• **Supplied data**
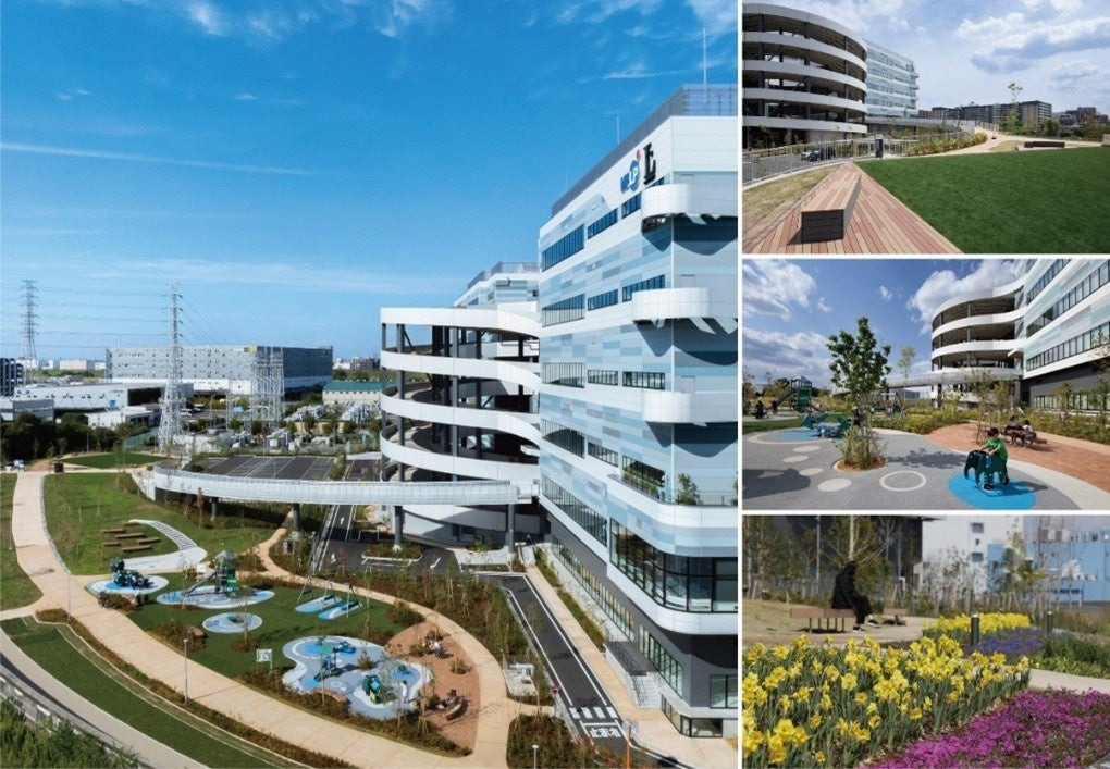 敷地内には「高台広場(あおぞら広場)」「わくわく広場」「はなの広場」といった開かれた空間が設けられ、地域住民の憩いの場としても機能。物流施設でありながら、都市と人をつなぐ新たな拠点としての可能性を示しています。
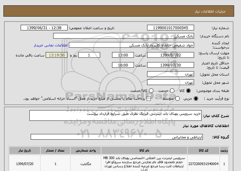 شرح کلی نیاز: خرید سرویس پهنای باند اینترنتی فیزیک نظری طبق شرایط قرارداد پیوست
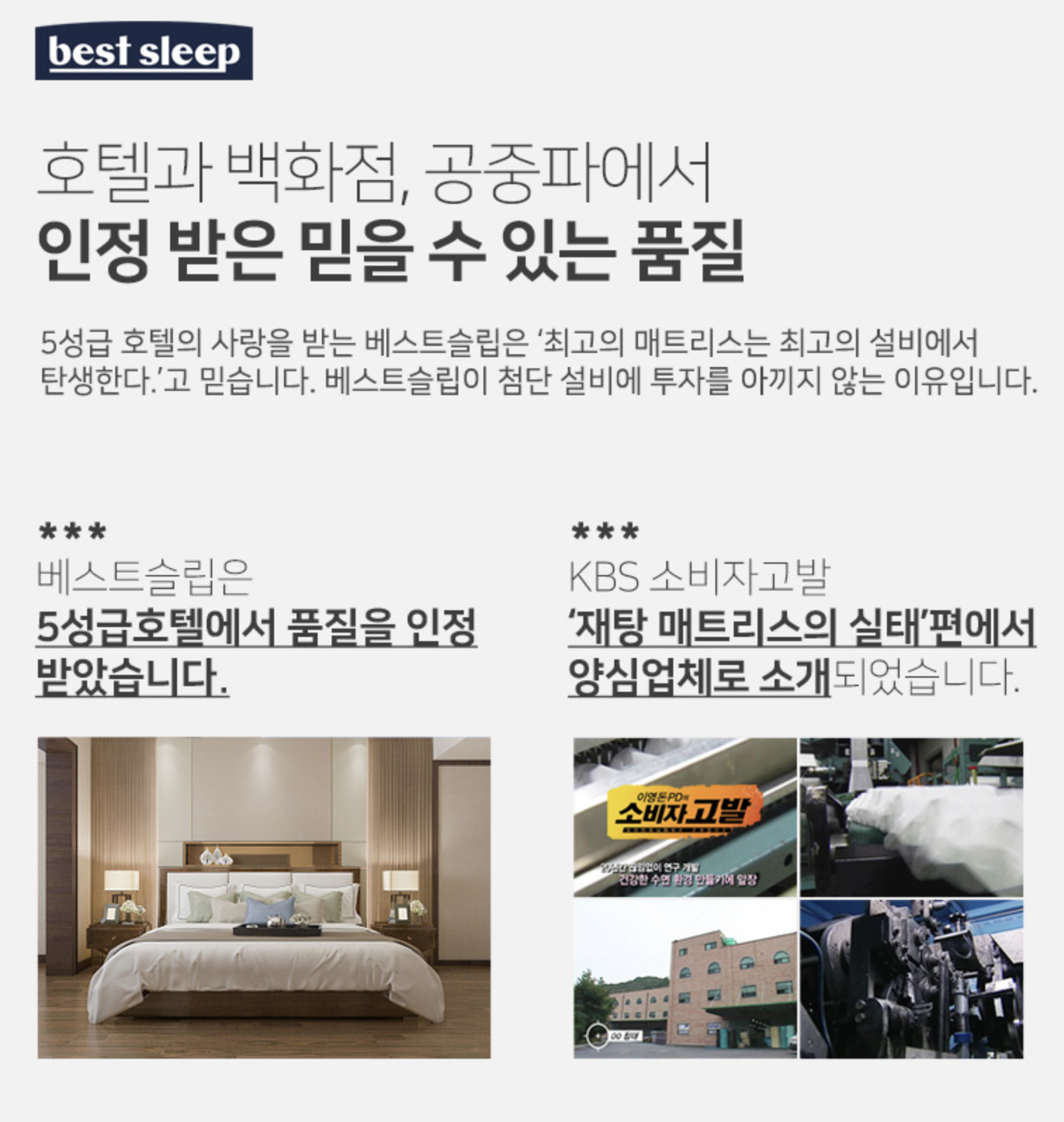 한국인이 선호하는 3가지 지지력에 한 차원 높은 안락함을 더하기 위하여 전 세계 5성급 호텔에 직접 방문하여 최고의 매트리스를 체험해보았다. 그랜드 인터컨티넨탈, 하얏트, 플라자, 힐튼, 반얀트리, 매리어트 등 50개 이상의 최고급 호텔에 투숙하며 매트리스를 분석하였고 한국인이 좋아하는 최고의 안락함을 베스트슬립 매트리스로 구현할 수 있게 되었다고 한다.
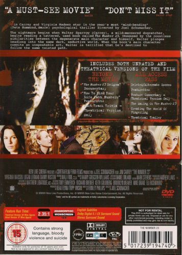 Walter Sparrow (Jim Carrey), an animal control officer, is introduced by his wife Agatha (Virginia Madsen) to a mysterious book: The Number 23. As Walter continues to read it, he notices startling similarities between the plot of the book and the events in his own life. The book's main character, a detective called The Fingerling, explains that his name came from a children's book he once read; Walter shortly thereafter finds this same book. The book continues to chronicle the life of a character called "The Suicide Blonde", a woman who is driven to insanity by the presence of the number 23 in all aspects of her life. Agatha and her son Robin (Logan Lerman) discover that by reading the 23rd word of every 23rd page, secret messages are spelled out. These messages lead Walter into a chaotic chain of events that furthers his paranoia, eventually leading him to the realization that he himself was the author of The Number 23 during his stay in a mental institution after his father's death, whose suicide note was comprised entirely of numbers adding up to 23.
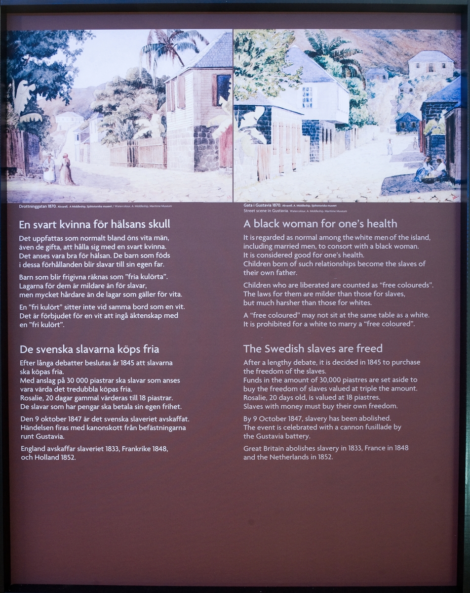 Vandringsutställningen "En dunkel historia" om den transatlantiska slavhandeln. Skylt med utställningstext.
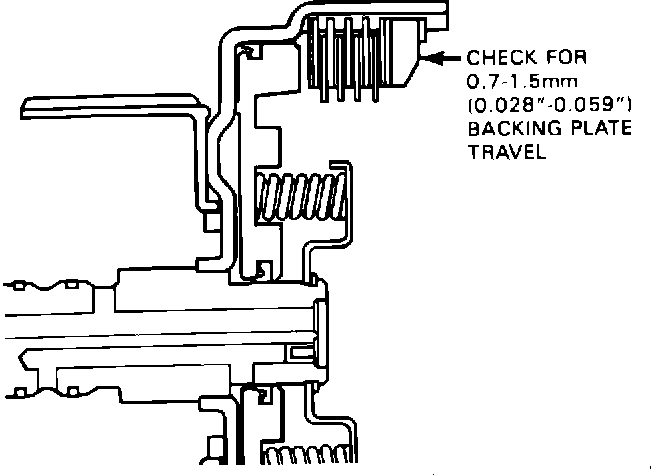 Apply an evenly distributed load in the direction indicated in Figure 3 to remove slack from the clutch assembly. Use 20 lbs. (9kg) of pressure against the backing plate--excessive pressure will cause an inaccurate measurement. With the clutch assembly compressed, use a feeler gauge to measure the distance between the backing plate and snap ring. Correct backing plate travel is 0.7 mm-1.5 mm (0.028"-O.059").

• **Exercise directions**
Starting with the first line of the data, transcribe every line exactly through the one containing "한국인이 선호하는 3가지". No pictures go in.

• **Exercise result**
 敷地内には「高台広場(あおぞら広場)」「わくわく広場」「はなの広場」といった開かれた空間が設けられ、地域住民の憩いの場としても機能。物流施設でありながら、都市と人をつなぐ新たな拠点としての可能性を示しています。
 شرح کلی نیاز: خرید سرویس پهنای باند اینترنتی فیزیک نظری طبق شرایط قرارداد پیوست
 한국인이 선호하는 3가지 지지력에 한 차원 높은 안락함을 더하기 위하여 전 세계 5성급 호텔에 직접 방문하여 최고의 매트리스를 체험해보았다. 그랜드 인터컨티넨탈, 하얏트, 플라자, 힐튼, 반얀트리, 매리어트 등 50개 이상의 최고급 호텔에 투숙하며 매트리스를 분석하였고 한국인이 좋아하는 최고의 안락함을 베스트슬립 매트리스로 구현할 수 있게 되었다고 한다.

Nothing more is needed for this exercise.